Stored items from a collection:
§
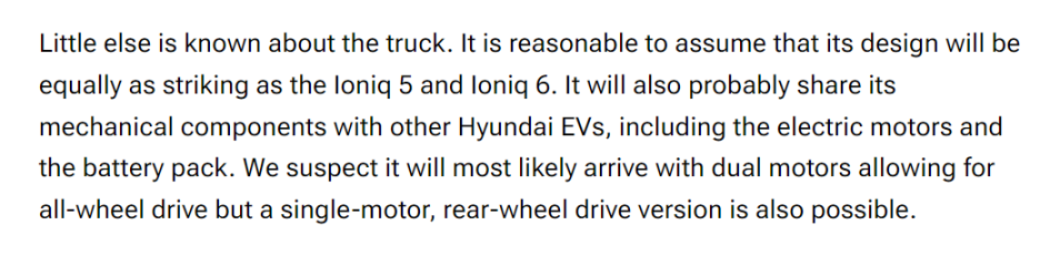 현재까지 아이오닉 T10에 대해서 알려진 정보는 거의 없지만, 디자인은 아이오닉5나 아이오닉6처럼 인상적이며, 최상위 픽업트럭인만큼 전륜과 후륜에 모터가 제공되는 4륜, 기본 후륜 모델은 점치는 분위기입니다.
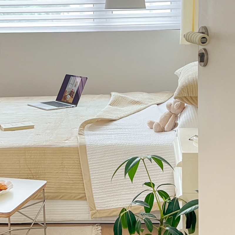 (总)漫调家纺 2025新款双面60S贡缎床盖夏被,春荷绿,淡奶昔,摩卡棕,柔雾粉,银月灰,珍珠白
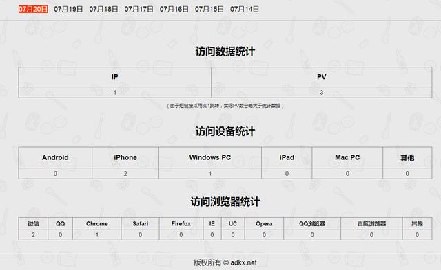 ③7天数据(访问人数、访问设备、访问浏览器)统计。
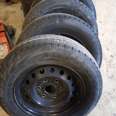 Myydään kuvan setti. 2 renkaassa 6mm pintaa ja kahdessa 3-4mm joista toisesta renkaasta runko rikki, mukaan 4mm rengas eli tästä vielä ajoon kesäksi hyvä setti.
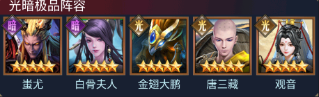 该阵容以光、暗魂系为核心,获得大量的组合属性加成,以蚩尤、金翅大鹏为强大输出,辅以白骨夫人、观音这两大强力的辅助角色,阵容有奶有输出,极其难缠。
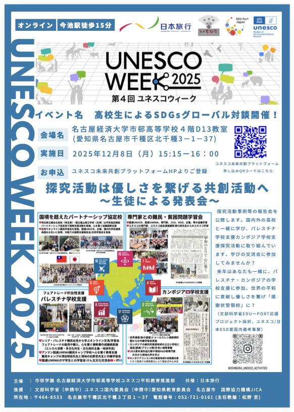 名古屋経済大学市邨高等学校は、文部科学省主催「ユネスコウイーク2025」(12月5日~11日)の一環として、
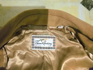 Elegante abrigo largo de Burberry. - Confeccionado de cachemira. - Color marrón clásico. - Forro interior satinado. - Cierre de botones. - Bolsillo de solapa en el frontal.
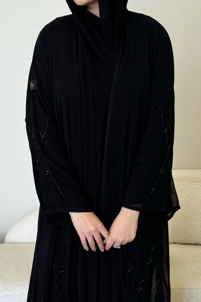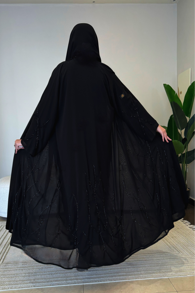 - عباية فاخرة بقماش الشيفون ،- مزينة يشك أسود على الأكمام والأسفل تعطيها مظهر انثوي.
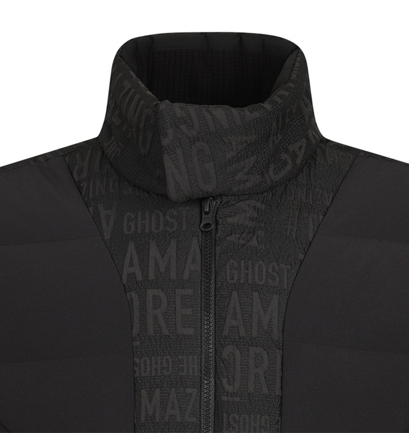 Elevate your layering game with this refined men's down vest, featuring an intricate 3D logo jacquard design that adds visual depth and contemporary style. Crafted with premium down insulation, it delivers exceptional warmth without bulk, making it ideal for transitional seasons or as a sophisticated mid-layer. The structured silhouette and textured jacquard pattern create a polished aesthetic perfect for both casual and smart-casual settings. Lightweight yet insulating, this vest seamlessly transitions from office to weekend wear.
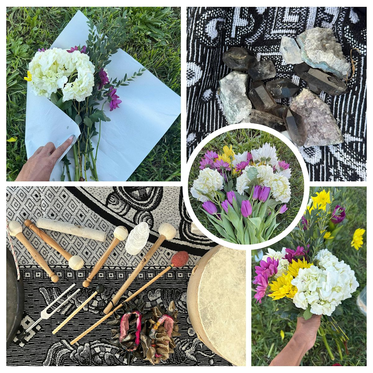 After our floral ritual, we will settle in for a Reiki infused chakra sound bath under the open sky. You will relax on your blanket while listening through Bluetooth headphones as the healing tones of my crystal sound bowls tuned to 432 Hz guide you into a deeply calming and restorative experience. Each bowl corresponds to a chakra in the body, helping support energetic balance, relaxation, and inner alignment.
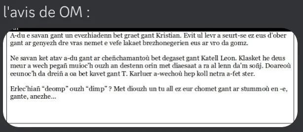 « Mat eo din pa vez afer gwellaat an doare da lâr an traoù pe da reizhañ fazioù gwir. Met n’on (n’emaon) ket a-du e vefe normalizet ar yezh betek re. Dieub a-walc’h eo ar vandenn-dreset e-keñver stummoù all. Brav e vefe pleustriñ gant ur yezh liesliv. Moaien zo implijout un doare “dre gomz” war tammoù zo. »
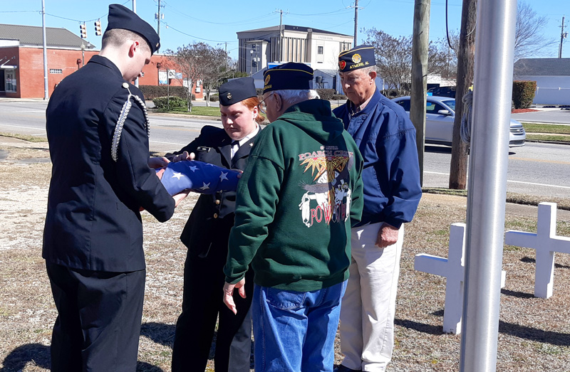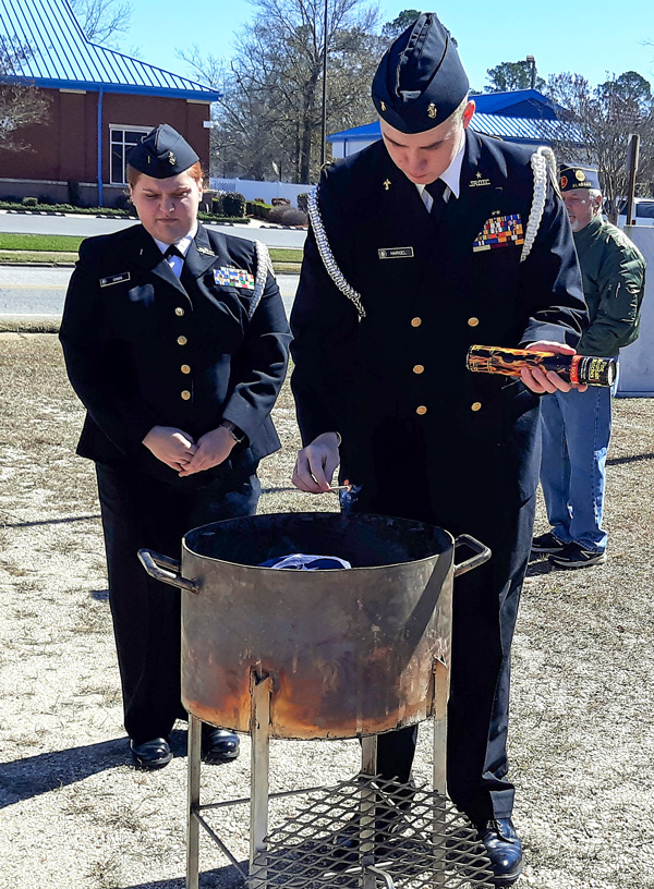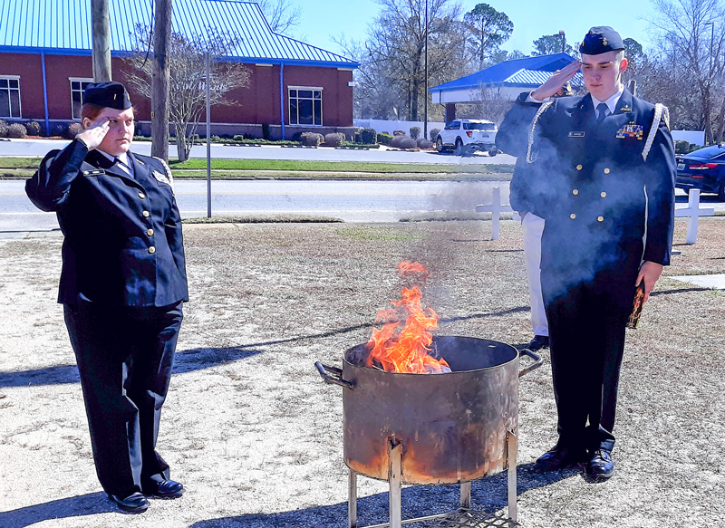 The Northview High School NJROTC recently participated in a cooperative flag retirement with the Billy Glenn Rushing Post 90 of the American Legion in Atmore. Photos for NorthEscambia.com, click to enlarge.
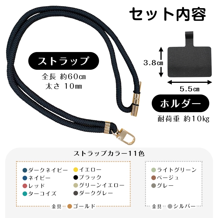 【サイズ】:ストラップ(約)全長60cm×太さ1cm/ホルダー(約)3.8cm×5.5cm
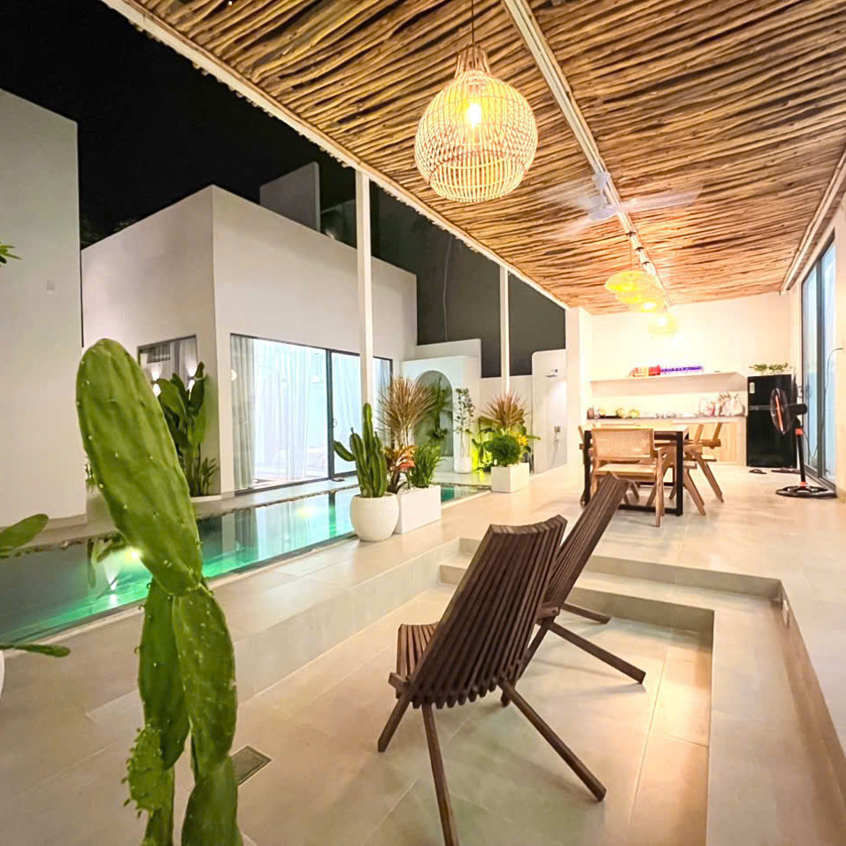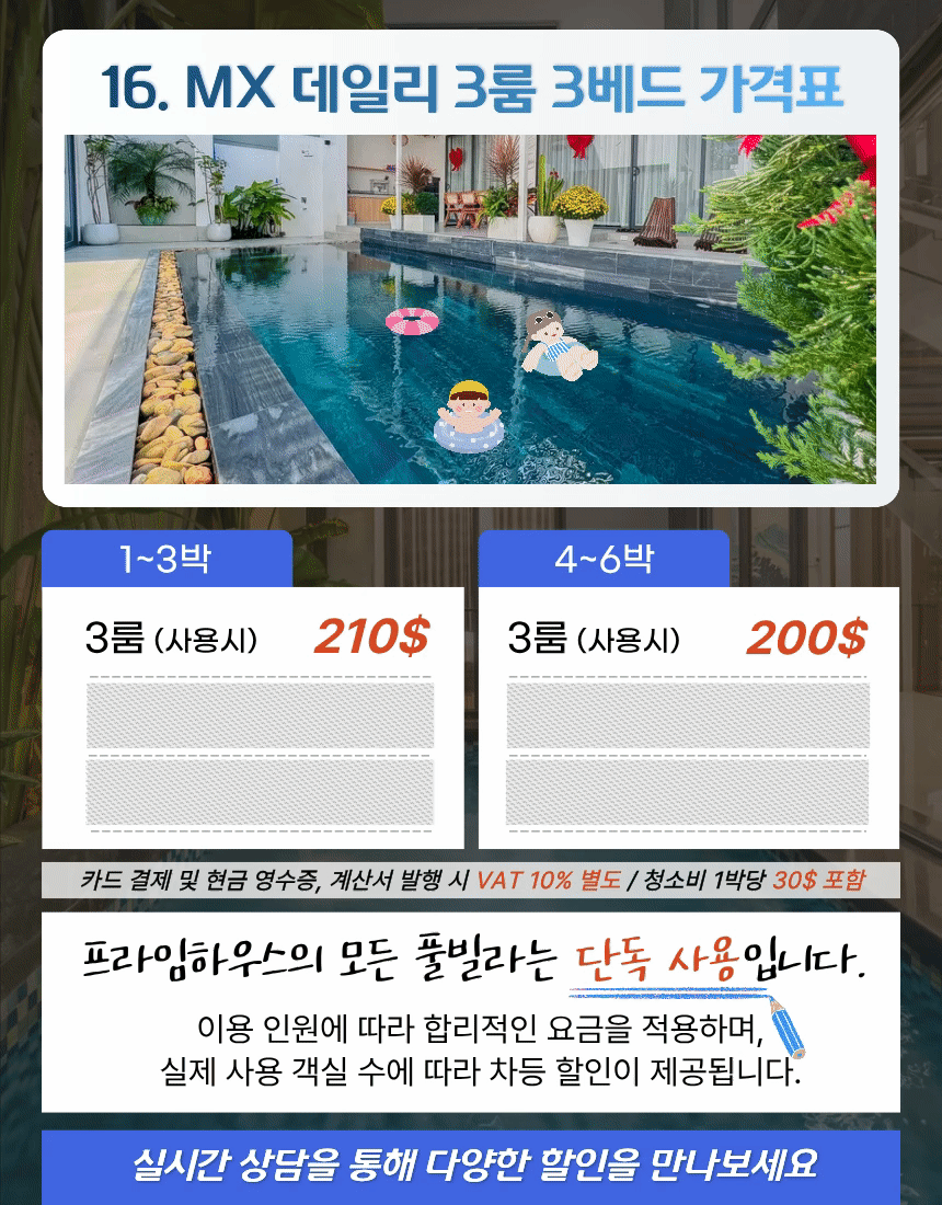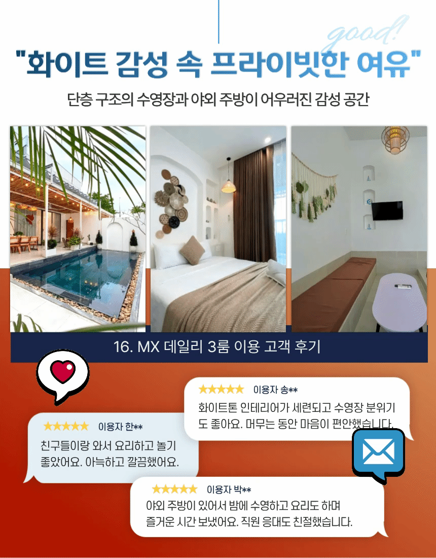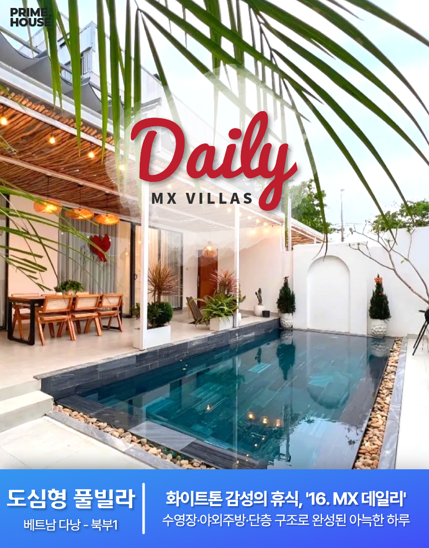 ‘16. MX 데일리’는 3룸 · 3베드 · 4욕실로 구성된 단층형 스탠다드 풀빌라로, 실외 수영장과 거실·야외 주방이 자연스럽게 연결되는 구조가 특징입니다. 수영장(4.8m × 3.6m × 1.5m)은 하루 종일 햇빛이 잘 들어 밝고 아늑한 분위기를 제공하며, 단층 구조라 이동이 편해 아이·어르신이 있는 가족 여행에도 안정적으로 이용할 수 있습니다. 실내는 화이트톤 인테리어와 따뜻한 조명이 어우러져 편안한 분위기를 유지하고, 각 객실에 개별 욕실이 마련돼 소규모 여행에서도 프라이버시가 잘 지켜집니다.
§
Task details: All the records need to be set down word for word, with the images left out.

Solved exercise:
 현재까지 아이오닉 T10에 대해서 알려진 정보는 거의 없지만, 디자인은 아이오닉5나 아이오닉6처럼 인상적이며, 최상위 픽업트럭인만큼 전륜과 후륜에 모터가 제공되는 4륜, 기본 후륜 모델은 점치는 분위기입니다.
 (总)漫调家纺 2025新款双面60S贡缎床盖夏被,春荷绿,淡奶昔,摩卡棕,柔雾粉,银月灰,珍珠白
 ③7天数据(访问人数、访问设备、访问浏览器)统计。
 Myydään kuvan setti. 2 renkaassa 6mm pintaa ja kahdessa 3-4mm joista toisesta renkaasta runko rikki, mukaan 4mm rengas eli tästä vielä ajoon kesäksi hyvä setti.
 该阵容以光、暗魂系为核心,获得大量的组合属性加成,以蚩尤、金翅大鹏为强大输出,辅以白骨夫人、观音这两大强力的辅助角色,阵容有奶有输出,极其难缠。
 名古屋経済大学市邨高等学校は、文部科学省主催「ユネスコウイーク2025」(12月5日~11日)の一環として、
 Elegante abrigo largo de Burberry. - Confeccionado de cachemira. - Color marrón clásico. - Forro interior satinado. - Cierre de botones. - Bolsillo de solapa en el frontal.
 - عباية فاخرة بقماش الشيفون ،- مزينة يشك أسود على الأكمام والأسفل تعطيها مظهر انثوي.
 Elevate your layering game with this refined men's down vest, featuring an intricate 3D logo jacquard design that adds visual depth and contemporary style. Crafted with premium down insulation, it delivers exceptional warmth without bulk, making it ideal for transitional seasons or as a sophisticated mid-layer. The structured silhouette and textured jacquard pattern create a polished aesthetic perfect for both casual and smart-casual settings. Lightweight yet insulating, this vest seamlessly transitions from office to weekend wear.
 After our floral ritual, we will settle in for a Reiki infused chakra sound bath under the open sky. You will relax on your blanket while listening through Bluetooth headphones as the healing tones of my crystal sound bowls tuned to 432 Hz guide you into a deeply calming and restorative experience. Each bowl corresponds to a chakra in the body, helping support energetic balance, relaxation, and inner alignment.
 « Mat eo din pa vez afer gwellaat an doare da lâr an traoù pe da reizhañ fazioù gwir. Met n’on (n’emaon) ket a-du e vefe normalizet ar yezh betek re. Dieub a-walc’h eo ar vandenn-dreset e-keñver stummoù all. Brav e vefe pleustriñ gant ur yezh liesliv. Moaien zo implijout un doare “dre gomz” war tammoù zo. »
 The Northview High School NJROTC recently participated in a cooperative flag retirement with the Billy Glenn Rushing Post 90 of the American Legion in Atmore. Photos for NorthEscambia.com, click to enlarge.
 【サイズ】:ストラップ(約)全長60cm×太さ1cm/ホルダー(約)3.8cm×5.5cm
 ‘16. MX 데일리’는 3룸 · 3베드 · 4욕실로 구성된 단층형 스탠다드 풀빌라로, 실외 수영장과 거실·야외 주방이 자연스럽게 연결되는 구조가 특징입니다. 수영장(4.8m × 3.6m × 1.5m)은 하루 종일 햇빛이 잘 들어 밝고 아늑한 분위기를 제공하며, 단층 구조라 이동이 편해 아이·어르신이 있는 가족 여행에도 안정적으로 이용할 수 있습니다. 실내는 화이트톤 인테리어와 따뜻한 조명이 어우러져 편안한 분위기를 유지하고, 각 객실에 개별 욕실이 마련돼 소규모 여행에서도 프라이버시가 잘 지켜집니다.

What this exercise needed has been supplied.